As a Parkview Pantera reporter, I knew exactly what to do with the fan mail. Excerpts of the letter became the centerpiece of my next editorial, “Is PHS Harmonized?” I speculated on how some of my classmates might fare if they ever left “the white cocoon of Lilburn.” Of the South’s penchant for dressing up in sheets, I theorized,  “J.C Penney must do big business down here during their January White Sales.”

On-air, my television guidance counselor was experiencing her own challenges. One night on the 11 o’clock news I stared, slack jawed, as Monica had to lead off the newscast by throwing to coverage of a Klan rally atop Stone Mountain — a story filed by a white reporter on the scene, as guys in sheets and crosses blazed behind him. It was the night I noticed Monica’s race for the first time.

After high school, I fled to study communications at Glassboro State College back in New Jersey. I had zero intention of ever returning South. On flights home to visit my family, however, I noted Atlanta’s skyline was growing up. And as always, Monica was in her anchor chair. Bigotry hadn’t sent her packing. Instead, she became an agent for change. And as a reporter, she was chronicling that change. On my visits home, Monica was increasingly everywhere: on the cover of Atlanta magazine at the airport newsstand, on the sides of downtown MARTA buses rumbling past and beaming from towering I-85 billboards. Somehow, she was able to embrace this city, flaws and all. In return, an ever-evolving Atlanta anointed her its most cherished media figure. From her guidance counseling office on the six o’clock news, Monica was still dispensing advice. In the fall of 1990, I came home for good.

 This spring, during an interview for an article in our July issue, 31 years after those crosses blazed behind her on the 11 o’clock news, I finally had the chance to ask Monica Pearson about that night. She considered the inquiry while shedding her canary yellow anchor jacket to soak in the afternoon sun on the WSB patio. “It was just news,” she said simply. “And you had to cover it.”

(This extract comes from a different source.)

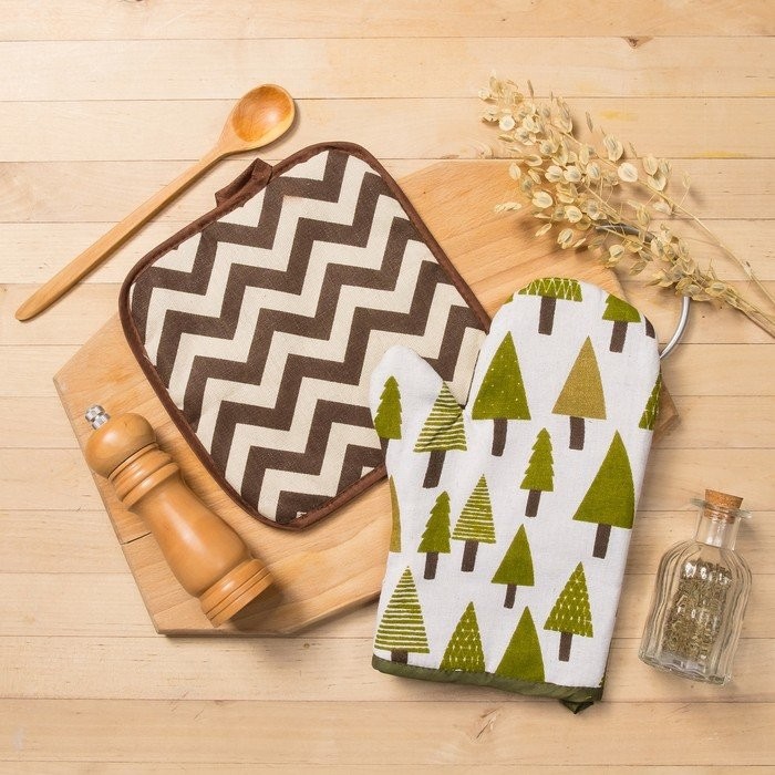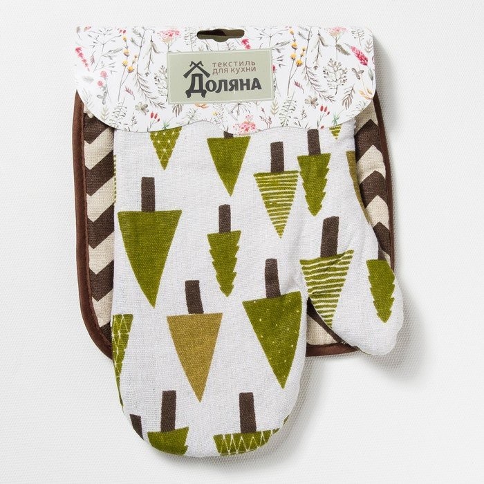 Набор Доляна, варежка+прихватка Хвойный лес/Зигзаг корич,100%пэ, рогожка 200 гр/м

For a second, that perplexed Parkview Pantera reporter re-emerged. Monica laughed and explained. “I grew up in the era when we were moving from segregation to integration. I remember the Coloreds Only bathrooms. I remember being measured for clothes because I couldn’t try them on in the store. But I learned how to compartmentalize things. It was my job as a reporter to cover the news and tell both sides of the story, no matter what that story was or how it might impact you on a personal level. It was important to stay in reporter mode.” Smiling, she allowed, “Now, that’s not to say that when I got home on those nights, I didn’t get my tennis racket, go down to the court and hit that backboard a good shot and say to myself, ‘These people are crazy.’”

A few days after our interview, I drove out to Parkview High School on Cole Drive. Squinting in the bright sun, I surveyed the manicured fields in front of me. When that Klan rally was mysteriously cancelled decades earlier, locals began whispering that the county had been quietly negotiating with the owner to purchase the land for soccer fields. And the deal threatened to make like Sherman’s march to the sea if the field became a racist recruitment center for school kids. In 2012, those acres serve as five gorgeous playing fields run by the Gwinnett Soccer Association. Kids of every color now kick the ball down the field in what has become one of the most diverse counties in our state.

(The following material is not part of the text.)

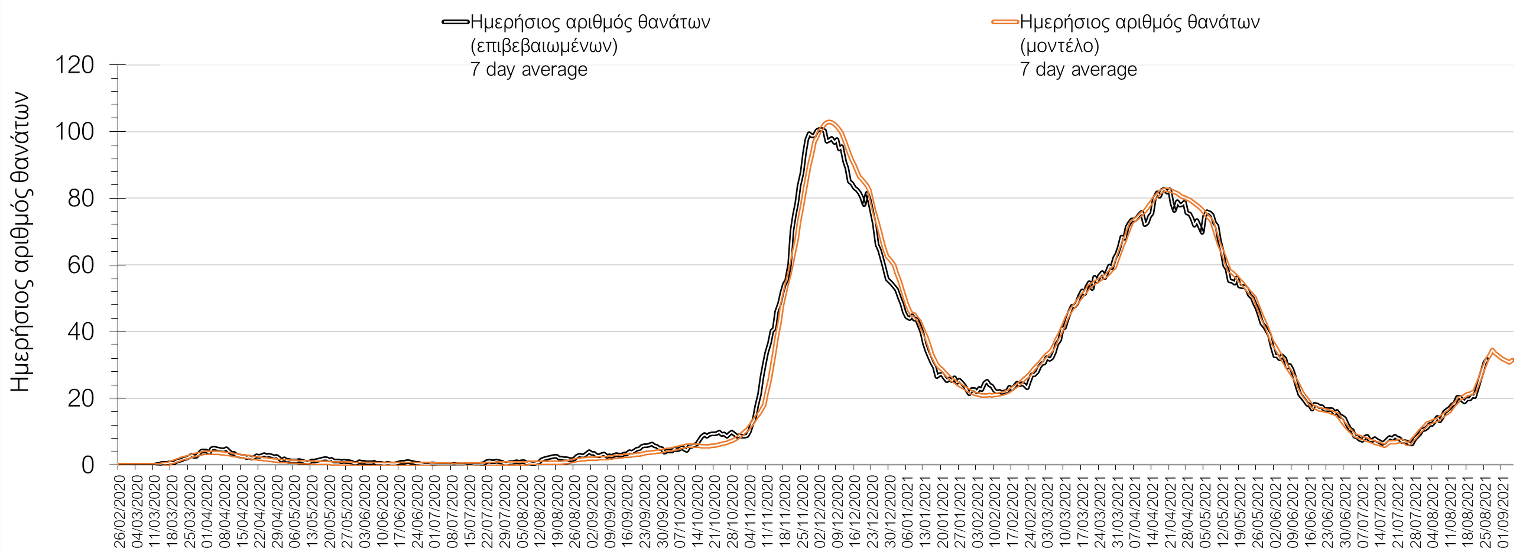Σχήμα 3. Αριθμός θανάτων (κυλιόμενος μέσος όρος 7 ημερών) σύμφωνα με τα στοιχεία του ΕΟΔΥ και τις προβλέψεις της υπολογιστικής πλατφόρμας CORE.

Monica threw away the hurtful letters from racist viewers she received over the years. She explained, “You should never keep anything that toxic.” It’s the one piece of advice from my old high school guidance counselor I haven’t heeded. On the day I received my diploma, I carefully refolded my correspondence from the Parkview Moral Majority and tucked it inside my Class of 1983 Felis Concolor Yearbook for safekeeping. I never wanted to forget that those people exist in the world. That yellowing hunk of loose-leaf notebook paper has served me well over the years. It became the catalyst for a career in journalism.